Problem to solve
Copy every line from the one that holds "Exude timeless grace" to the end of the records below, exactly and with nothing else, but without any pictures.

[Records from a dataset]
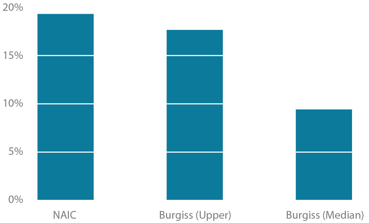 FIGURE 3 | IRR OF NAIC PRIVATE EQUITY INDEX VS BURGISS BENCHMARK
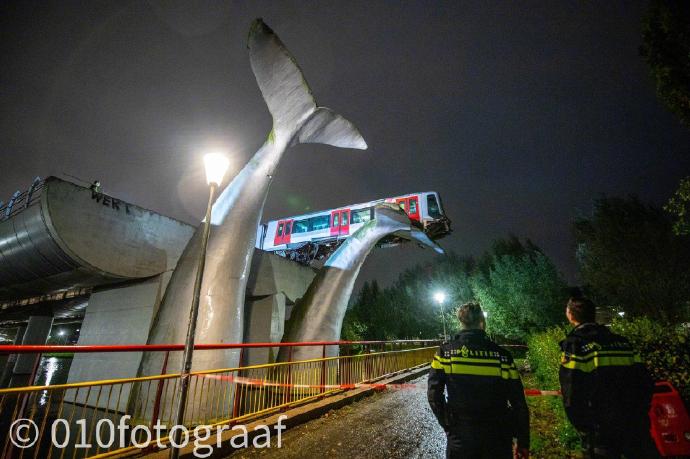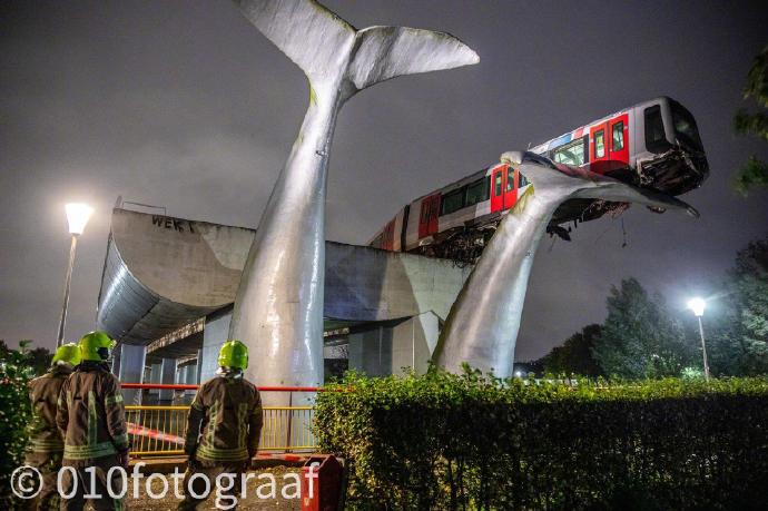 荷兰斯派克尼瑟的一辆轻轨冲出了轨道末端缓冲带,结果被一座鲸鱼雕塑给接住了…连做成雕像都能救命,鲸真是太感人了
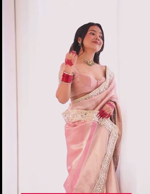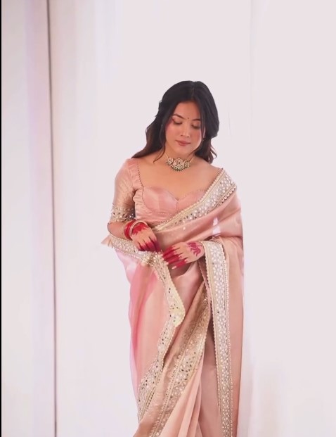 Exude timeless grace with this Blush Pink Satin Saree featuring a beautifully hand-embellished border. Crafted from luxurious satin silk, it drapes elegantly to enhance your natural silhouette. The soft blush tone paired with intricate mirror and zari detailing adds a subtle touch of glamour, perfect for bridesmaids, receptions, or festive evenings.
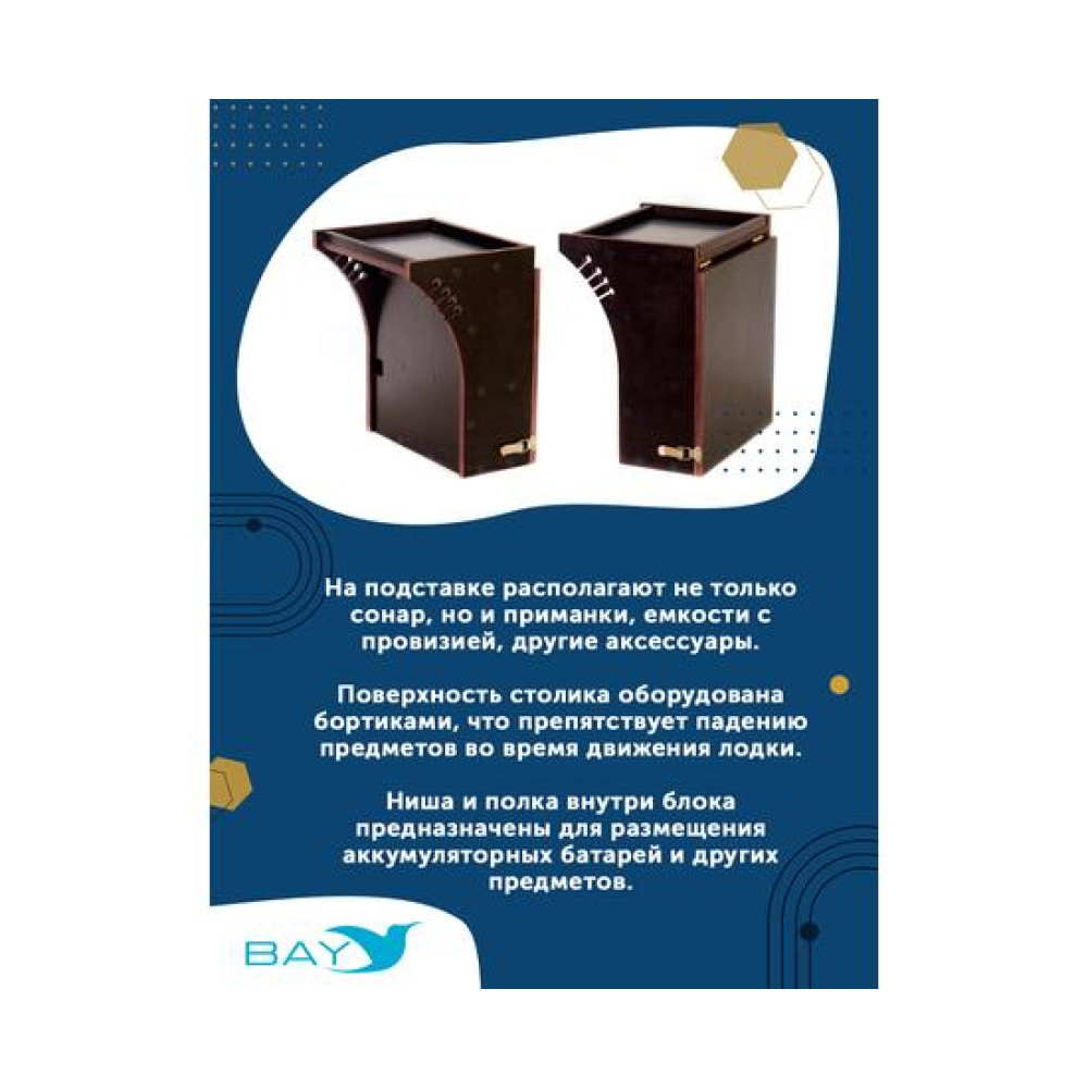 (может закрываться дверцей-столиком), четыре отверстия для фиксации спиннинга или удочки и площадка для монитора эхолота
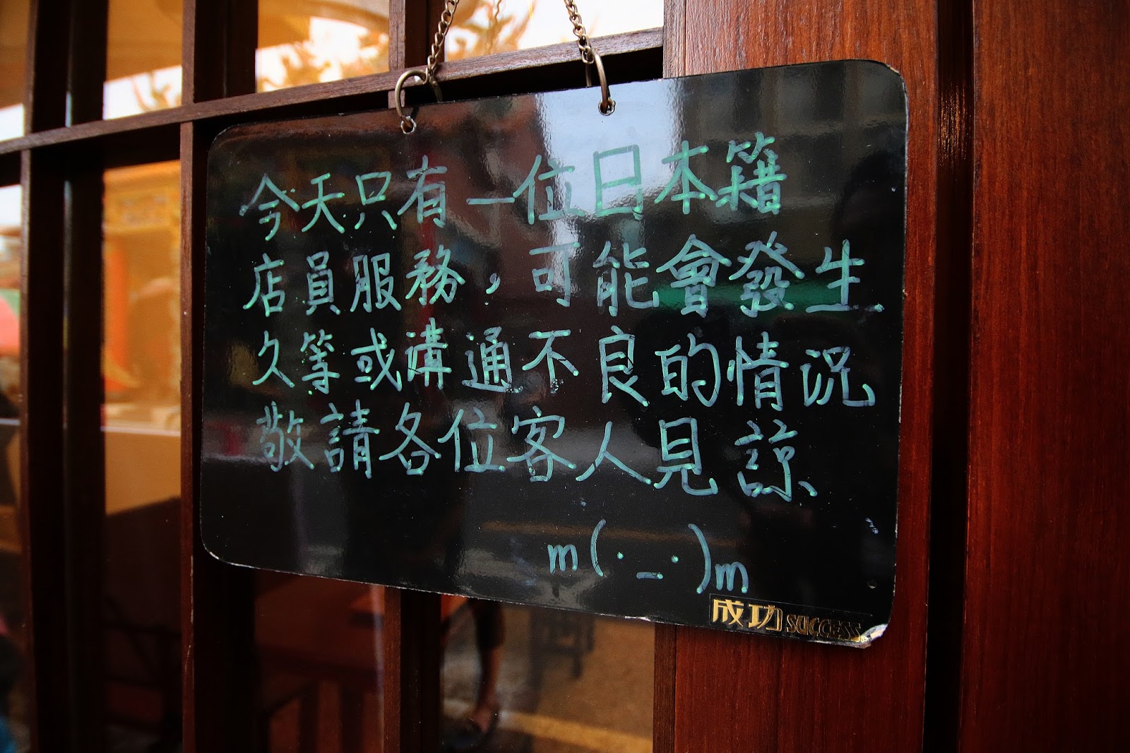進店消費前先提醒大家一下如果看到這吊牌表示店內只有日籍老闆娘一位,所以出餐點會比較慢建議急性子或趕時間的人可以考慮附近其他店家,

Task output
 Exude timeless grace with this Blush Pink Satin Saree featuring a beautifully hand-embellished border. Crafted from luxurious satin silk, it drapes elegantly to enhance your natural silhouette. The soft blush tone paired with intricate mirror and zari detailing adds a subtle touch of glamour, perfect for bridesmaids, receptions, or festive evenings.
 (может закрываться дверцей-столиком), четыре отверстия для фиксации спиннинга или удочки и площадка для монитора эхолота
進店消費前先提醒大家一下如果看到這吊牌表示店內只有日籍老闆娘一位,所以出餐點會比較慢建議急性子或趕時間的人可以考慮附近其他店家,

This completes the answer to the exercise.